Donors have flocked to support Tanzania’s pastoralist land rights movement. However, well-intentioned desires to promote democracy, indigenous rights, participatory development and community conservation have had perverse consequences. Leaders of pastoral non-governmental organisations (NGOs) have become less and less accountable to their communities. The pastoralist movement has lost momentum as its energies have been diverted into activities to please donors.

Research from the University of Colorado at Denver argues that donors overlook the impacts of their assistance on the formation of civil society in pastoralist communities. Lessons need to be learned as to why Tanzania’s pastoral movement has been transformed into groups of apolitical institutions geared toward the process of donor funding cycles.

Whilst Tanzania’s economic liberalisation meant a rise in foreign purchase of land which displaced entire communities of pastoralists, a simultaneous political liberalisation made it possible to register NGOs to mobilise people against the detrimental effects of economic liberalisation. Maasai leaders of the new NGOs worked hard at the grass­roots level to design and implement programmes to address long­standing problems of food insecurity, lack of medical services and gender oppression. With support from pastoral communities and donors, they began court battles to contest the legality of land seizures. For a while, hopes were high that the Tanzanian authorities would finally respect community land rights.

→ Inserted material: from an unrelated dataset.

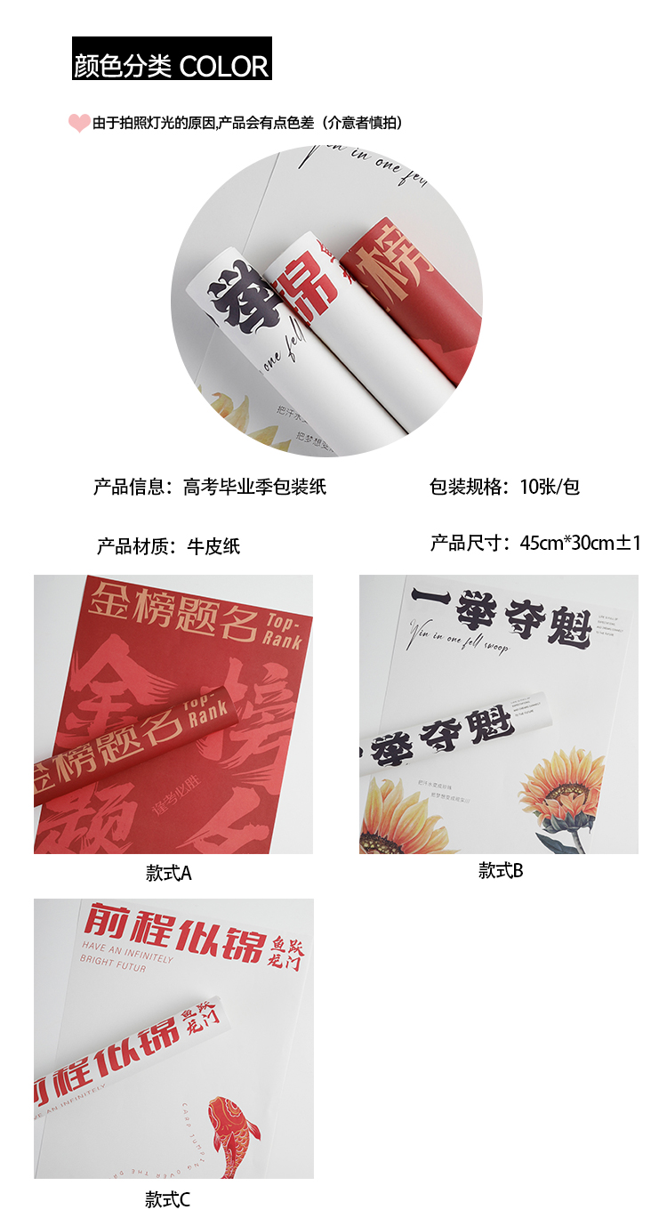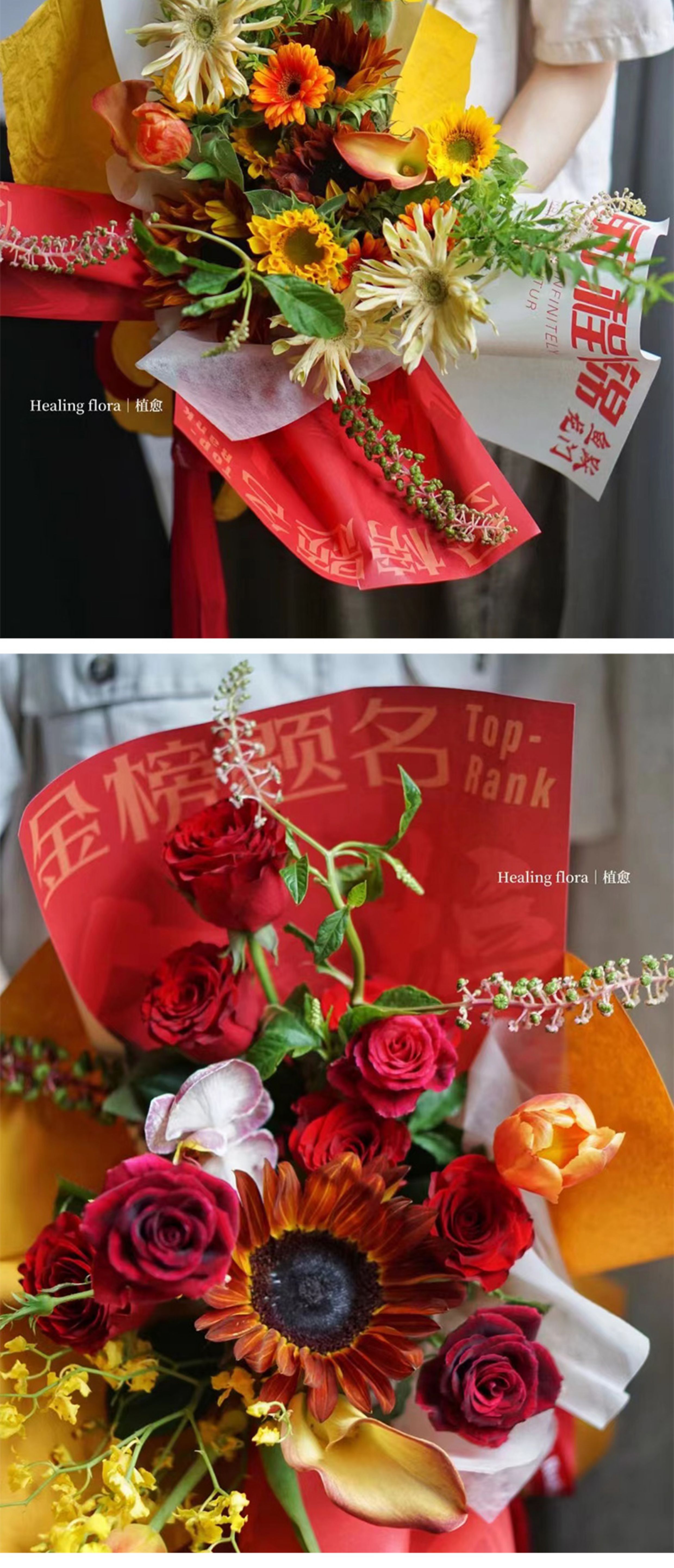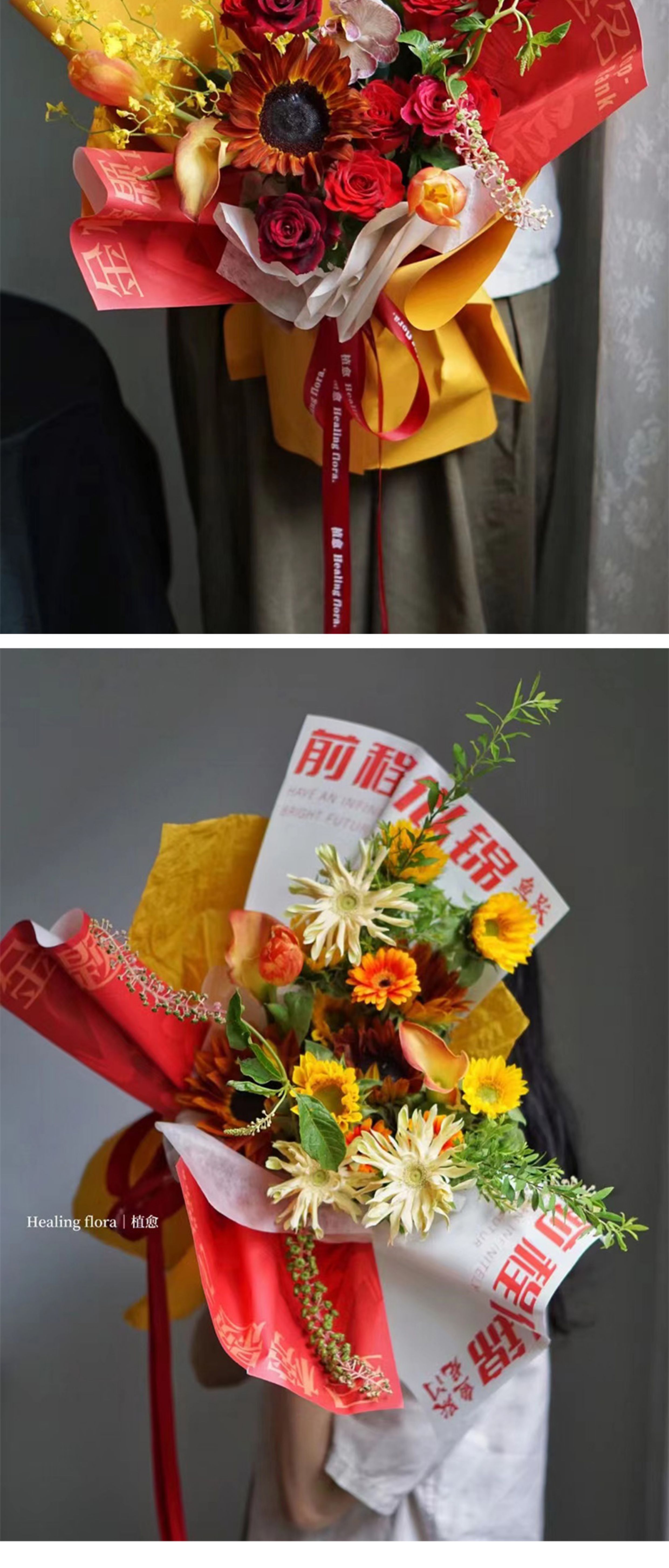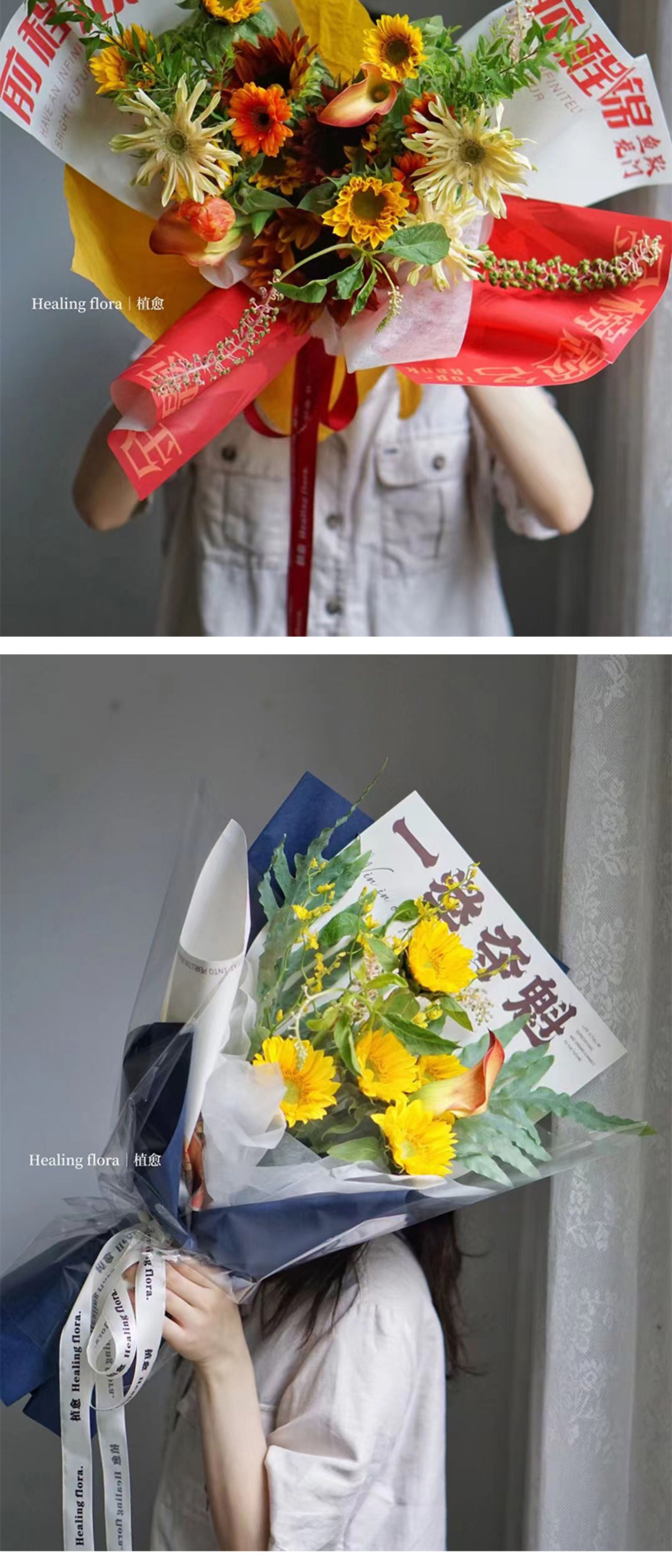 대학 입학 시험 졸업 시즌 포장 종이 인터넷 축하 간단한 종이 꽃 선물 가방 꽃 종이 날개 해바라기 꽃 종이

However, a rapid infusion of donor money has fundamentally transformed the movement. Under pressure to fund NGOs in advance of a viable NGO sector, donors have often set up NGOs and pressured them to rapidly implement quantifiable projects. Some even wrote the proposals for the projects they would fund. Donors preferred pouring money into vehicles, offices and high profile conferences and workshops rather than time-consuming activities requiring community consensus.

The research shows how:

The researcher agues that donors need to:

Africa’s NGO revolution, hailed by many as symptomatic of a flowering of grassroots democracy should be seen rather as an adaptation to conditions lain down by foreign donors. Clientelist accessing of new resources is consistent with Africa’s long history of colonialism and aid dependence. Communities have become commodities of an international NGO industry – when they should have been helped to become active participants in Tanzanian civil society.

Source(s):
‘Scaling up civil society: donor money, NGOs and the Pastoralist Land Rights Movement in Tanzania’ by Jim Igoe, Development and Change, vol 34, no 5, pp 863-885, 2003 Full document.

Funded by: Fulbright-Hayes Doctoral Dissertation Improvement Grant, the Wenner-Gren Foundation for Anthropological Research, and an Aspen Foundation grant for research on the Non-Profit sector.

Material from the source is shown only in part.